The Polibot’s standard sensor suite includes sensors to measure the electrical currents drawn by the two drive motors, in addition to an MTI 680 GNSS/INS that supports RTK cm-accuracy. The aluminum frame attached to the top plate allows the robot to be outfitted with various dedicated sensors such as laser range finders and monitoring cameras, among which an Intel RealSense D435 imaging system is used for crop visual data gathering in this study. It consists of a consumer-grade active InfraRed (IR) stereo sensor (~250 €), including a left-right IR stereo pair that provides depth information and a color camera. The color camera is a FullHD, Bayer-patterned, rolling shutter CMOS imager. Its nominal field of view is 69 (H) × 42 (V) deg, and runs at 30 Hz at FullHD. The stream acquired by the color camera is spatially-calibrated and time-synchronized with the stereo pair, so that color-aligned depth images are also available for 3D crop characterization.

Data sets were acquired at a commercial pomegranate orchard in Apulia, southern Italy, just before harvesting (October 2021). In order to collect the data sets, the vehicle was tele-operated along both sides of one row of 15 trees that were located at an average distance of about 3 m from each other. The camera was mounted about 1 m above the ground, and acquired lateral views of the tree rows from a distance of about 1.5 m. Acquisitions were performed at an image resolution of 1280 × 720 and frame rate of 6 Hz, accounting for a total of 1270 frames. Considering that the farmer robot drives at an average speed of about 0.5 m/s, a frame rate of 6 Hz was found to be a good trade-off between computational burden and pomegranate shrub coverage.

Laboratory acquisitions of about 150 different pomegranates were performed with the same camera as the one onboard the robot, using the following two different setups: the first one, referred to as SET1, under uniform lighting conditions; the second one, referred to as SET2, under intense and non-uniform sun exposure. In both cases, fruits were arranged on a flat surface of neutral color, and spread well apart from each other. The reason for this split in the acquisitions is to insert an intermediate stage between the algorithm developed for indoor image labeling and the network that will be used for the segmentation of acquisitions in the field, as will be shown in the next section. Sample images from the different data sets are reported in Figure 2.

2.2. Image Segmentation

In the context of this study, image segmentation refers to separating fruits from non-fruit regions as a preliminary step before agricultural tasks such as fruit grading, counting or harvesting. To this end, a multi-stage transfer learning approach is developed, whereby a pre-trained network is initially tuned using fruit images that were acquired under controlled acquisitions, and then progressively extendedto more complex scenarios. The main advantage of the proposed approach is in automating the image annotation process required for network training, hence relieving the burden of having to use conventional manual labeling.
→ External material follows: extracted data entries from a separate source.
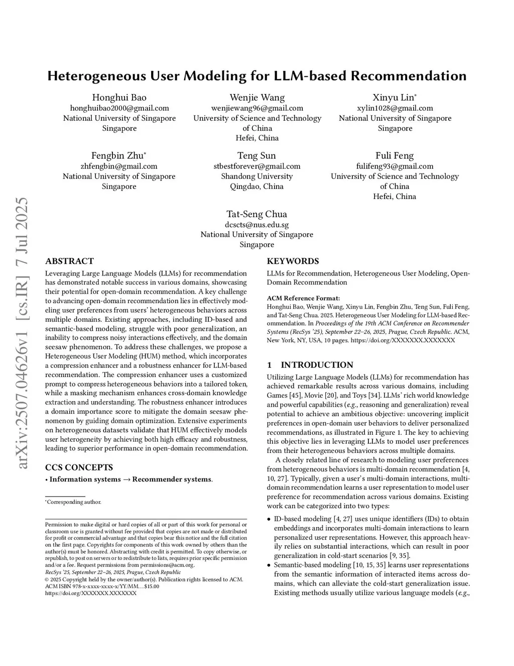 Heterogeneous User Modeling for LLM-based Recommendation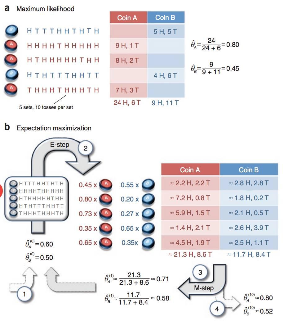 这个例子为什么经典, 因为它告诉我们,当存在隐变量I的时候, 直接的最大似然估计无法直接搞定。 什么是隐变量?为什么要引入隐变量? 对隐变量的理解是理解EM算法的第一要义!Chuong B Do & Serafim Batzoglou的Tutorial论文“What is the expectation maximization algorithm?”对此有详细的例子进行分析。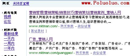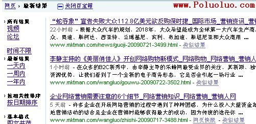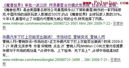 這個比較簡單只要在百度和Google中SITE:要鏈接的網站網址就可以看出最新的快照日期了,如site:www.mktman.com,百度快照如圖示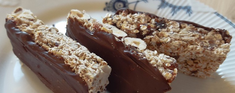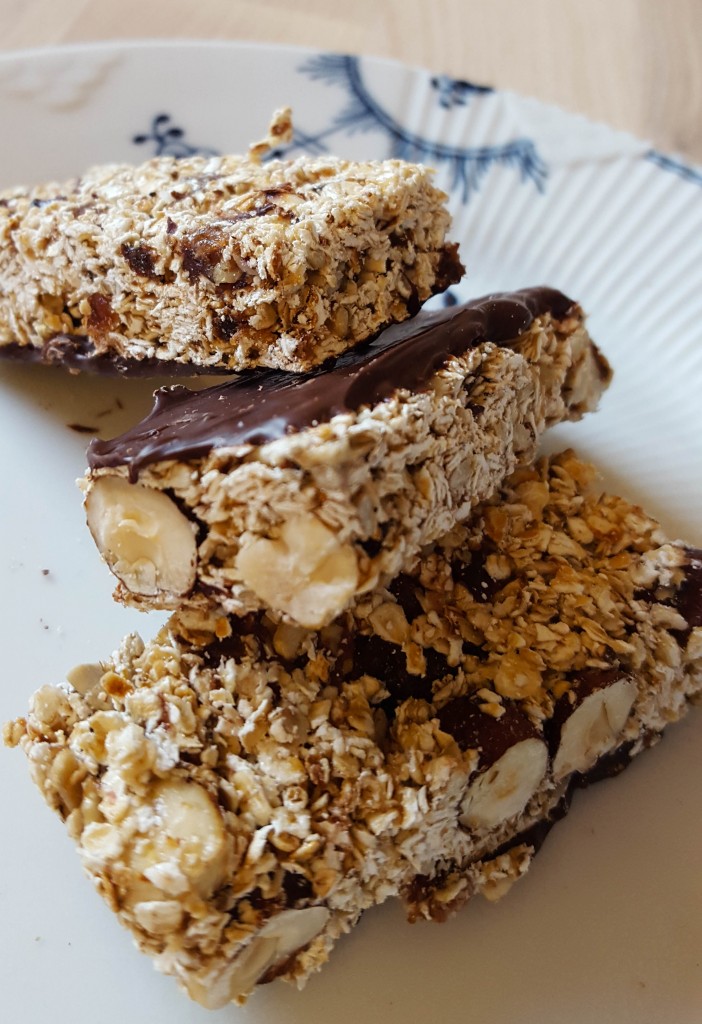 Smelt den mørke chokolade over vandbad og smør/dyp müslibaren i chokoladen så det dækker bunden. Lad det stå og stivne.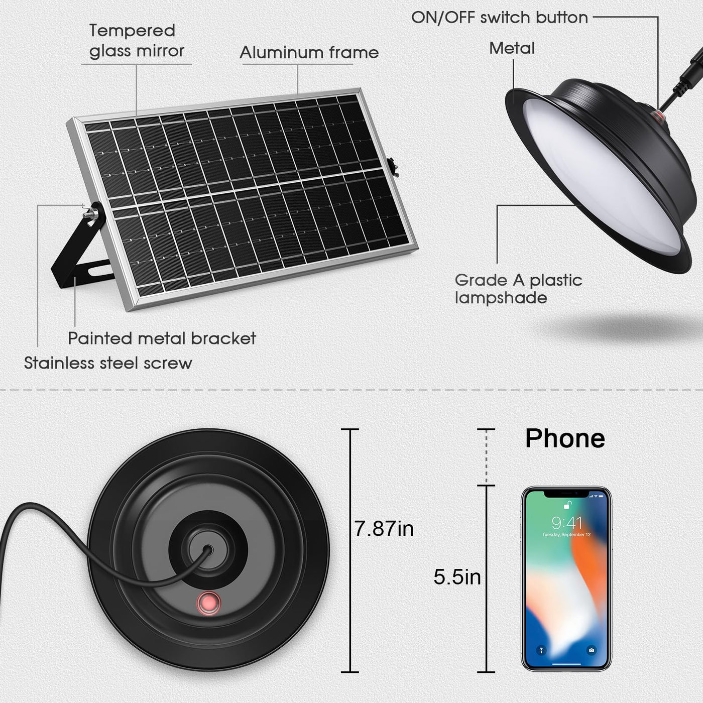 Product Specification: ?Solar Panel: 6V/6W poly-crystalline silicon (aluminum). ?Lighting Time: a.100% brightness: 6-8hrs b.50% brightness: 12-14hrs ?Light Source: 1000 Lumen (500lumen*2) (100% brightness), 120pcs LED (2835SMD): 60pcs for cool white, 60pcs for warm white ?Lamp material: Aluminum+Grade A plastic ?Waterproof Rate: IP65 Application: Outdoor/Indoor: Shed, Barn, Porch, Yard, Patio, Garden, Garage, Hallway, Home etc.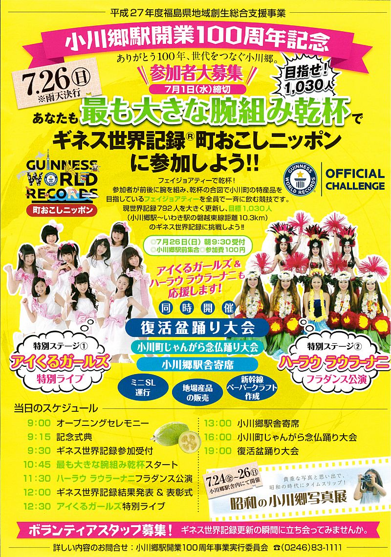 特集レポート小川郷駅開業100周年記念「最も大きな腕組み乾杯」 7月26日(日)開催!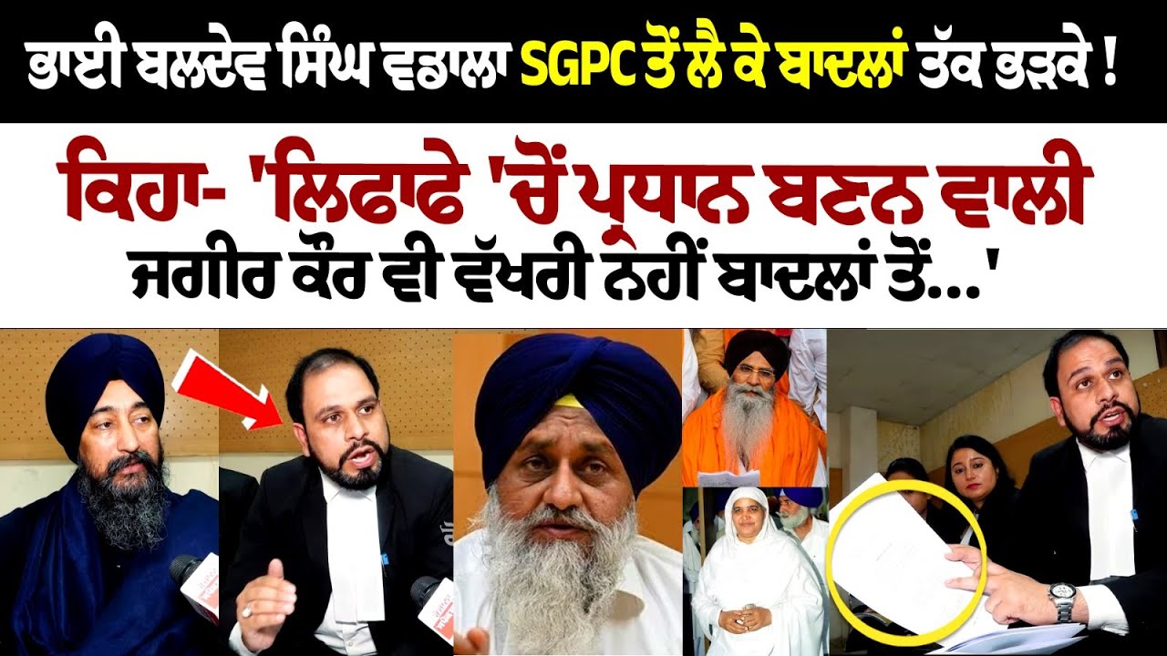 ਭਾਈ ਬਲਦੇਵ ਸਿੰਘ ਵਡਾਲਾ SGPC ਤੋਂ ਲੈ ਕੇ ਬਾਦਲਾਂ ਤੱਕ ਭੜਕੇ ! ਕਿਹਾ- 'ਲਿਫਾਫੇ 'ਚੋਂ ਪ੍ਰਧਾਨ ਬਣਨ ਵਾਲੀ ਜਗੀਰ ਕੌਰ..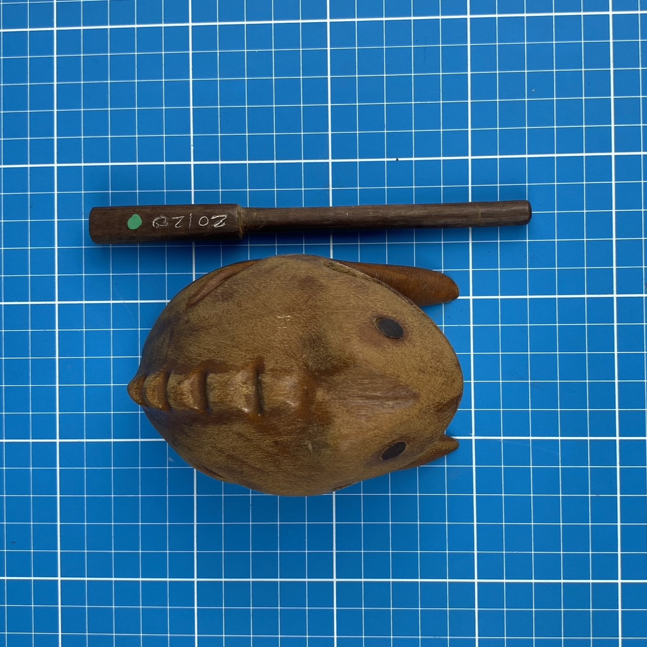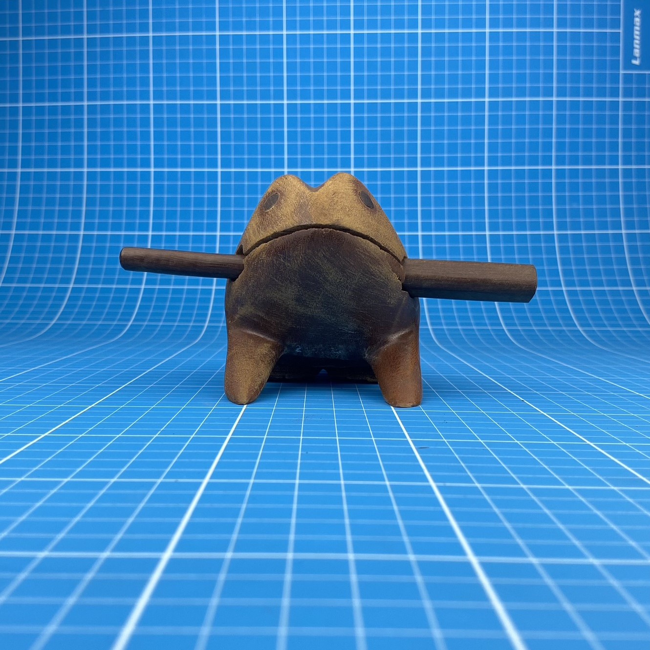 Sapo Grande esculpido em madeira, acompanha um pqueno bastão de madeira. Nas costas do sapo há pequenas elevações, que quando passa-se a haste sobre elas emitem um som que assemelha ao de sapos.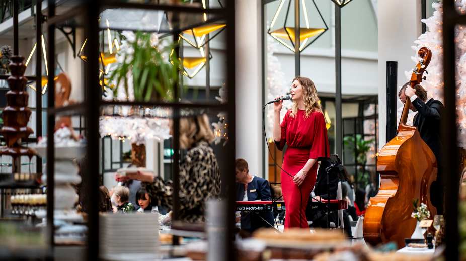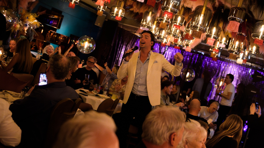 Als Tino Martin onder luid applaus opkomt, is de sfeer uitgelaten in Encore by Simonis in Scheveningen. Gasten zingen mee, er wordt geklapt en gedanst. Een aantal tafels geniet nog van sushi, dim sum en gerechten van de grill. Het is pas 15.30 uur én zondag, maar het voelt als een uitbundige zaterdagavond.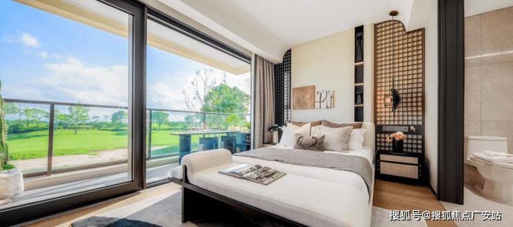 二楼主休憩,建面约95㎡户型主卧独占约5.1米面宽,而市面常规主卧面宽只有3.3-3.6米。主卧外接阔景阳台,看着庭院玩耍的孩子,没有比这更幸福的事了。这个阳台,女主人早上练习瑜伽,男主人泡杯茶看书,都是极好的。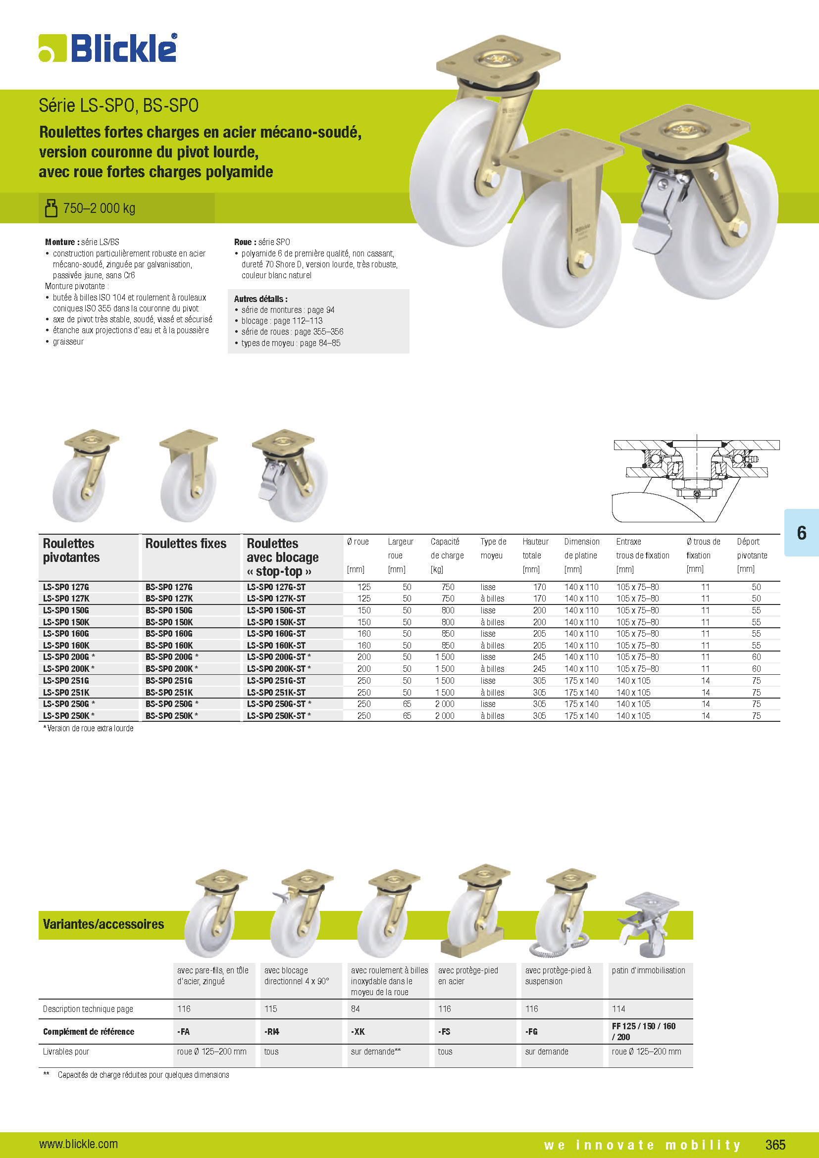 LS-SPO, BS-SPO Roulettes fortes charges en acier mécano-soudé, version couronne du pivot lourde, avec roue fortes charges polyamide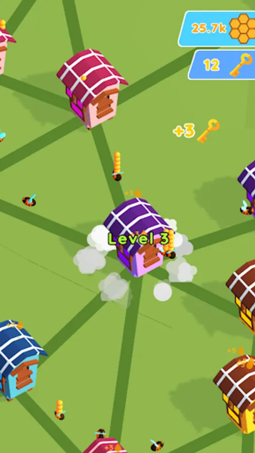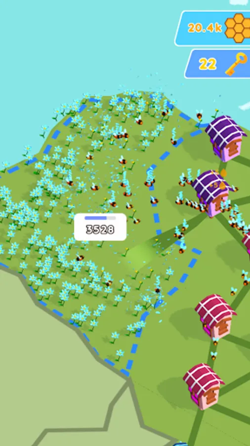 Build routes for your bees between hives. Send your bees to extract honey in the flower fields. Improve your hives to increase the power of your bees!
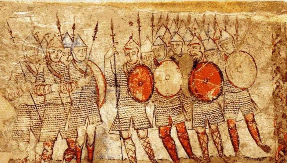 I Longobardi entrano in contatto con il mondo Romano durante la guerra greco-gotica. Nel 568, a causa delle pressioni degli Avari, si spostano verso sud e terminano la conquista dell'Italia settentrionale, impossessandosi anche di Toscana, Umbria e parte dell'Italia meridionale. I territori rimanenti restano sotto i bizantini e la penisola viene divisa in due tra Longobardi e Impero d'Oriente.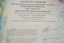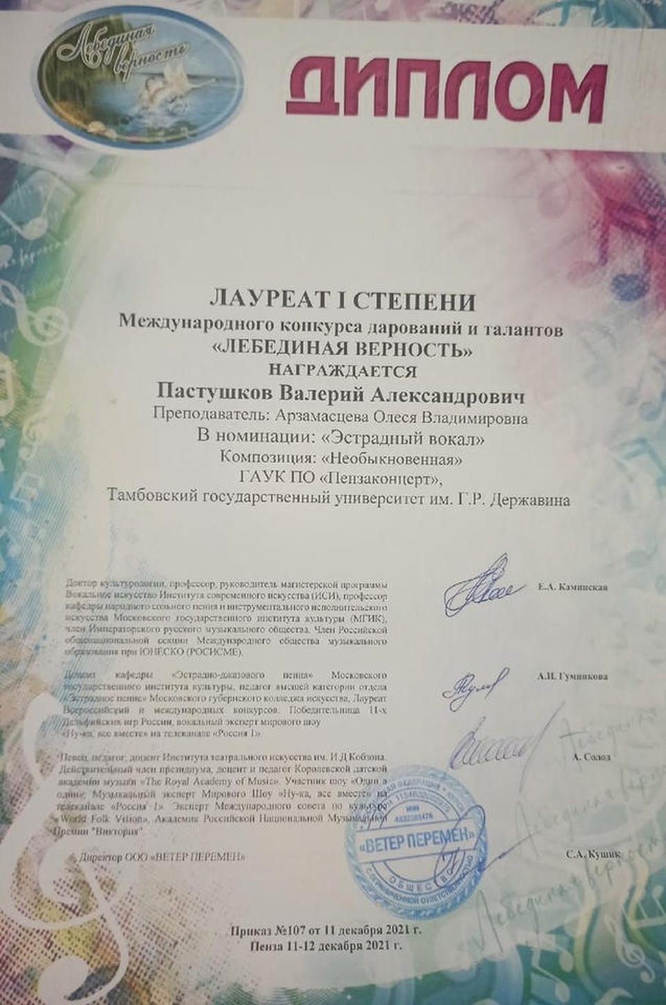 Артист группы «Калейдоскоп» Валерий Пастушков стал лауреатом 1 степени Международного конкурса в сфере хореографии, музыкального искусства и вокального исполнительства «Лебединая верность» - 2021, который проходил в «Пензаконцерте» с 11 по 12 декабря в Большом зале филармонии.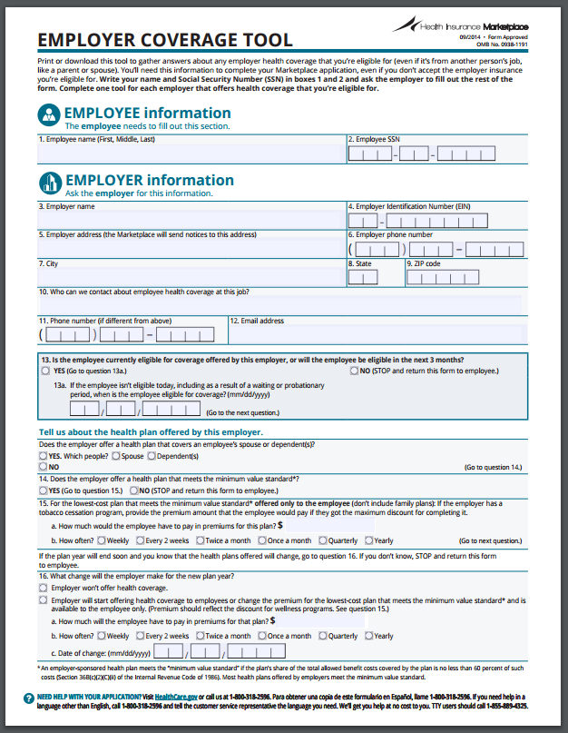 Take the employer coverage tool on the next page to the employer who offers . Print or download this form to collect information about employers that offer traditional health coverage to anyone on your. Save, download, print and share. To include this page when you send in your application, not the employer coverage tool. Fill out this form in advance: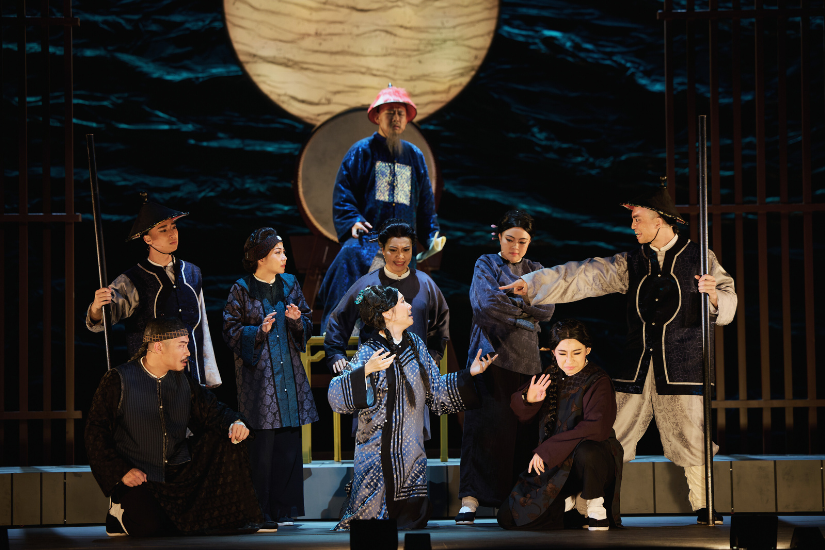 另一場尤其出色的,必定是阿細跌入水中的場景和情感轉折處的呈現,也是整個故事的轉捩點。Jonathan 分享:「為了呈現水中的感覺,我們運用了多種技術,如特殊的投影,去創造出水波紋的效果,還設計了一組特殊的藍綠色調的燈光,從不同角度照射營造出水下的氛圍,以及煙霧效果、特殊材質的布幕,當光線穿透時,能夠模擬出水的流動感。這不僅是表現物理上的水中環境,更要傳達角色此時的心理狀態、動作和音樂的節奏 —— 所以,當演員唱歌時,燈光會亦隨著音樂的起伏而變化,再配合旋轉舞台,打造出一種彷彿被水流沖刷、包圍的感覺。」

The overall image processing pipeline is shown in Figure 3. Firstly, fruit images acquired on a neutral background under controlled lighting conditions (SET1) are automatically labeled based on color thresholding, followed by morphological operations, and then fed to a pre-trained deep learning architecture (Stage 1). This process builds a new network that is referred to as First Controlled Environment (CE) net. The First CE net is, in turn, used to label additional fruit images that are still acquired from a neutral background but under natural lighting conditions (SET2) that could not be straightforwardly labeled based on color thresholds, mainly due to the presence of shadows. Labeled images from SET2 are then used, along with labeled images from SET1, to retrain the network (Stage 2) and deal with non-uniform lighting conditions, leading to the so-called Final CE net.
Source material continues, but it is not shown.